EXERCISE BRIEF: With pictures left out, output exactly the lines of the listing below from the line that has "Please note, the" to the line that has "подключения монетизации YouTube", both lines kept.

====== SUPPLIED MATERIAL ======

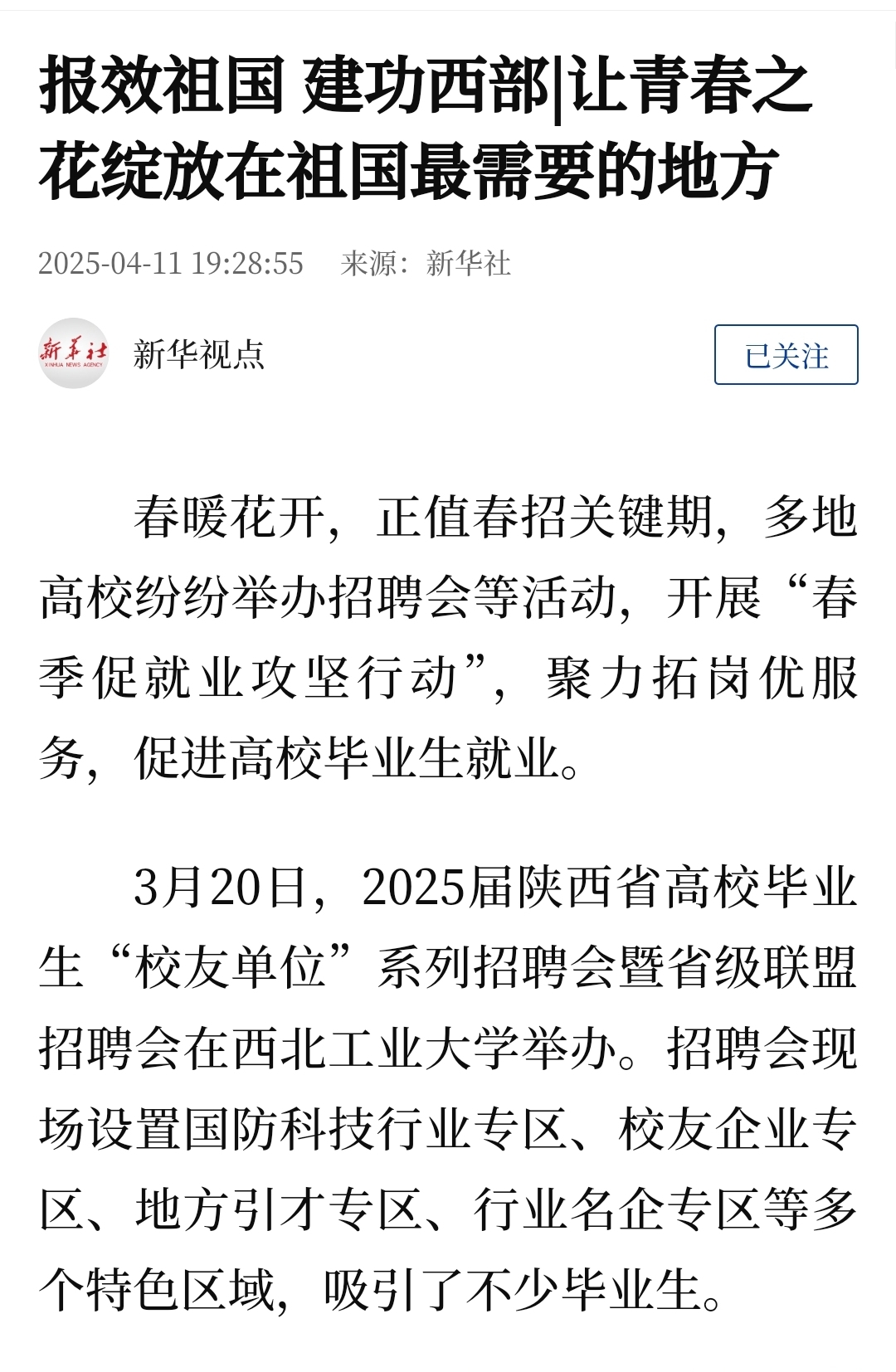 4月11日,新华社刊发重点报道《报效祖国 建功西部|让青春之花绽放在祖国最需要的地方》。文章对鸭脖官网学子扎根西部、献身国防的事迹进行了重点报道。
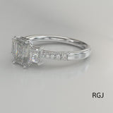 Please note, the images shown are set with a 0.50ct central emerald cut diamond.
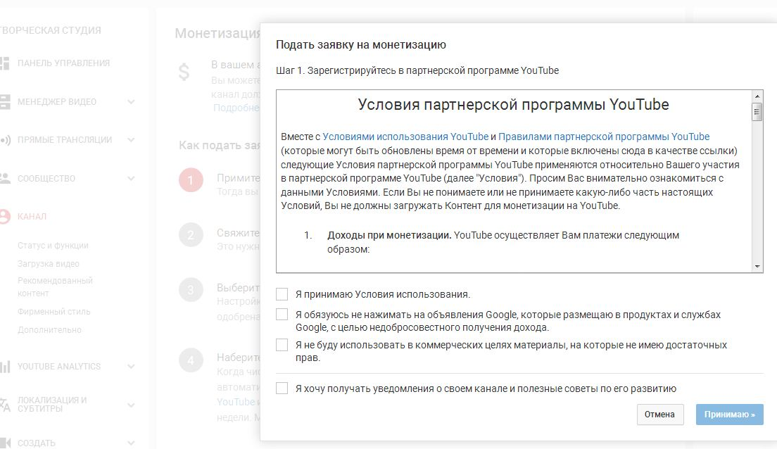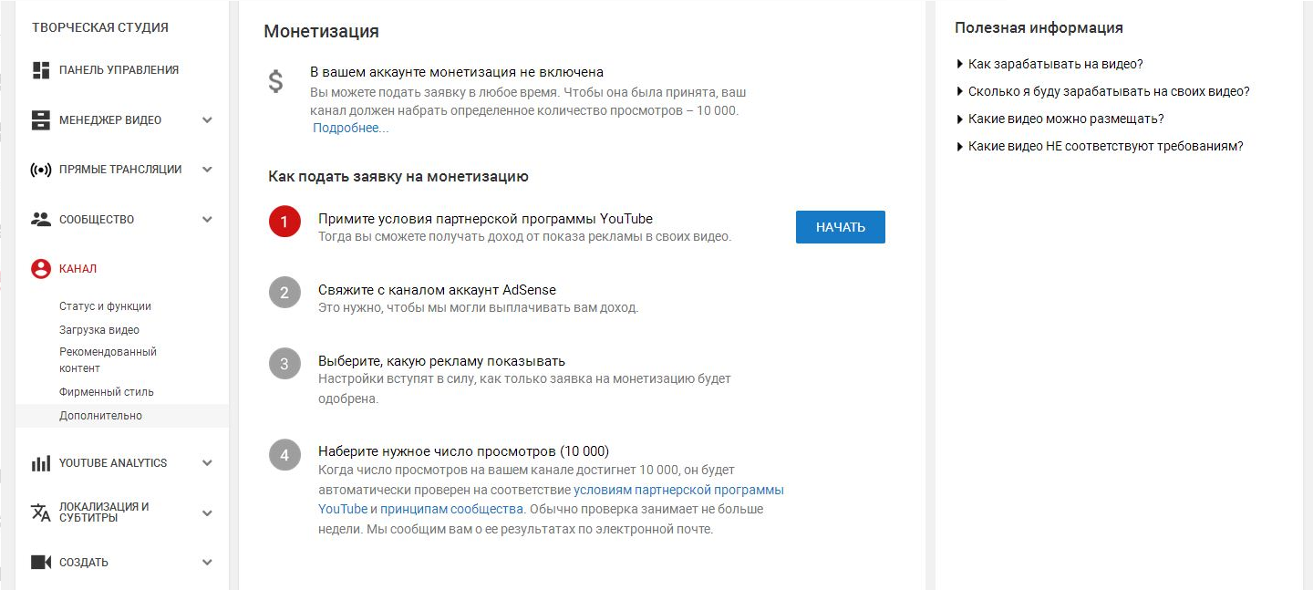 ↑ Пошаговая инструкция подключения монетизации YouTube
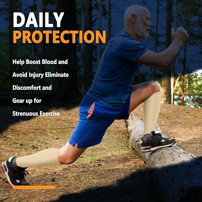 - â€ïžăSOFT AND BREATHABLE FABRICă- Crafted from lightweight and breathable fabric, our compression sleeves keep an optimal temperature, wick moisture away from your skin to ensure you feel fresh and comfortable. They fit closely from your ankle to knee, energize your skin. These compression socks are easy to care for and won't be worn out in daily life. They are durable and machine wash.
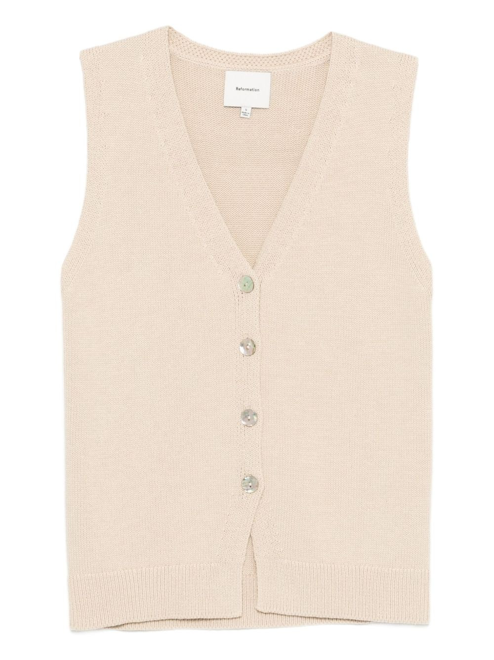 Linden vest Highlights - Beige - Front button fastening - Ribbed v-neck - Sleeveless - Ribbed hem Imported Composition Organic Cotton 100% Washing instructions Machine Wash
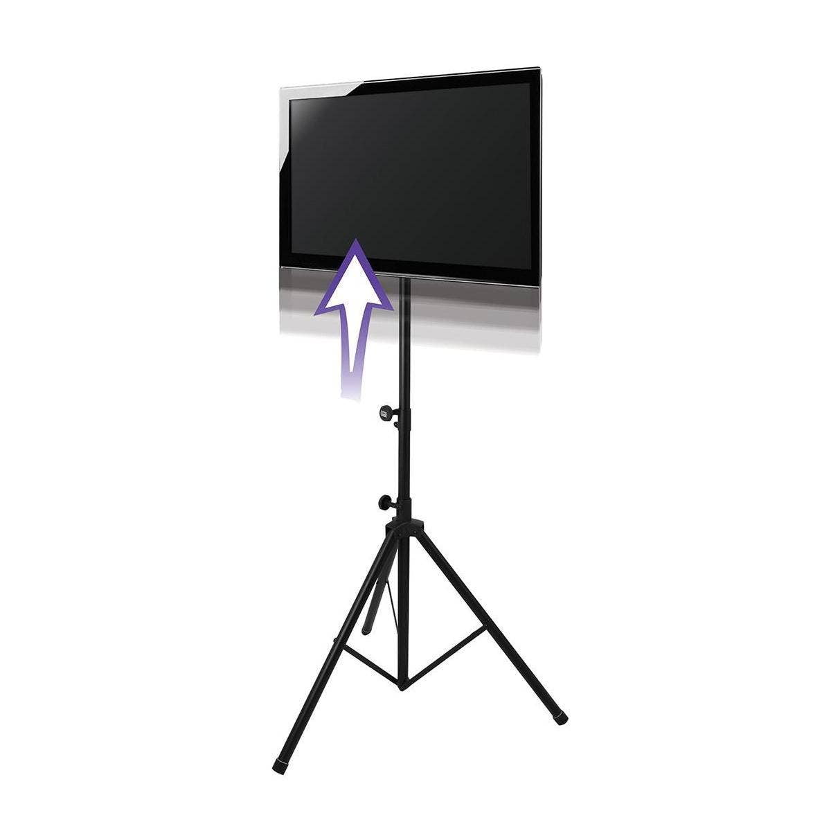 The FPS6000 is a high performance, highly portable, and highly affordable solution for production companies, sound contractors, DJ?s, tradeshow presenters, and anyone else needing mobile video. At the heart of the FPS6000 is its gas-charged center piston with 40lbs of lifting power. This internal mechanism counteracts the weight of the flat screen, making it easy, safe, and fast for one person to lift and lower a mounted television/monitor. The FPS6000 is portable, lightweight, and freestanding. VESA compatibility means the FPS6000 works with any flat screen device sporting a 200 x 200 VESA mount pattern or smaller. A steel friction collar adjusts overall mount height from 47? to 74?, and tilt is adjustable +/- 15 degrees, so viewing angle can be tailored to any space. For safety, the center shaft is marked at the exact position where the tripod leg housing creates the optimal 45-degree angle for the legs. These aluminum legs work with the steel center shaft to blend light-weight and strength for a truly portable yet sturdy stand.
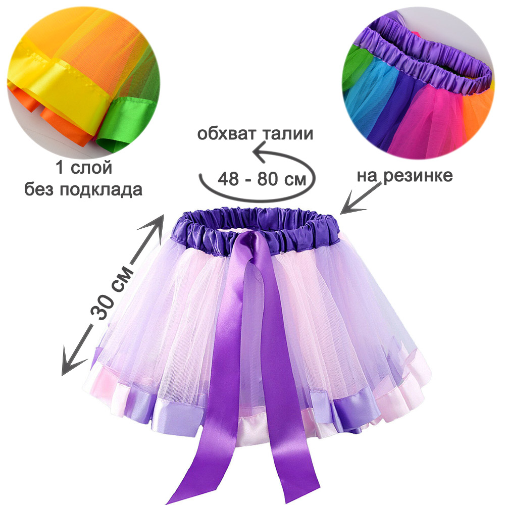 Юбка лёгкая и удобная, мягкий фатин создаёт красивый объём, а эластичный пояс обеспечивает комфортную посадку.
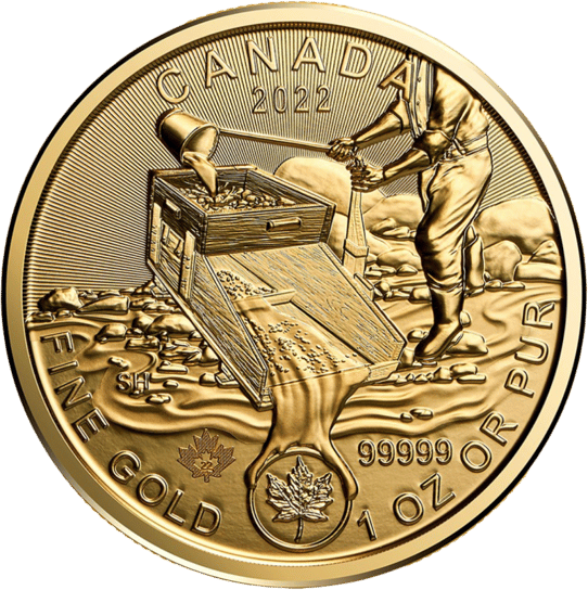 Eine wunderschöne Münze aus Gold, die den Klondike Goldrausch als Motiv-Prägung darstellt. Zusammen mit der Feinheit, dem Prägejahr und der Stückelung ist auf der Motivseite der kraftvolle Bergmann zu erkennen, der Gold mit Hilfe einer Waschpfanne abbaut und Wasser zur Klärung und “Reinigung” in die Kiste schüttet. Zusätzlich ist das traditionsreiche, kanadische Ahornblatt im unteren Bereich zu erkennen. Zusätzlich ist auf der Münze ein mikrograviertes Ahornblatt im unteren Teil linksseitiug zu sehen, in der Mitte  ist ebenfalls das Prägejahr „22“ sichbar.

======

WRITTEN SOLUTION:
 Please note, the images shown are set with a 0.50ct central emerald cut diamond.
 ↑ Пошаговая инструкция подключения монетизации YouTube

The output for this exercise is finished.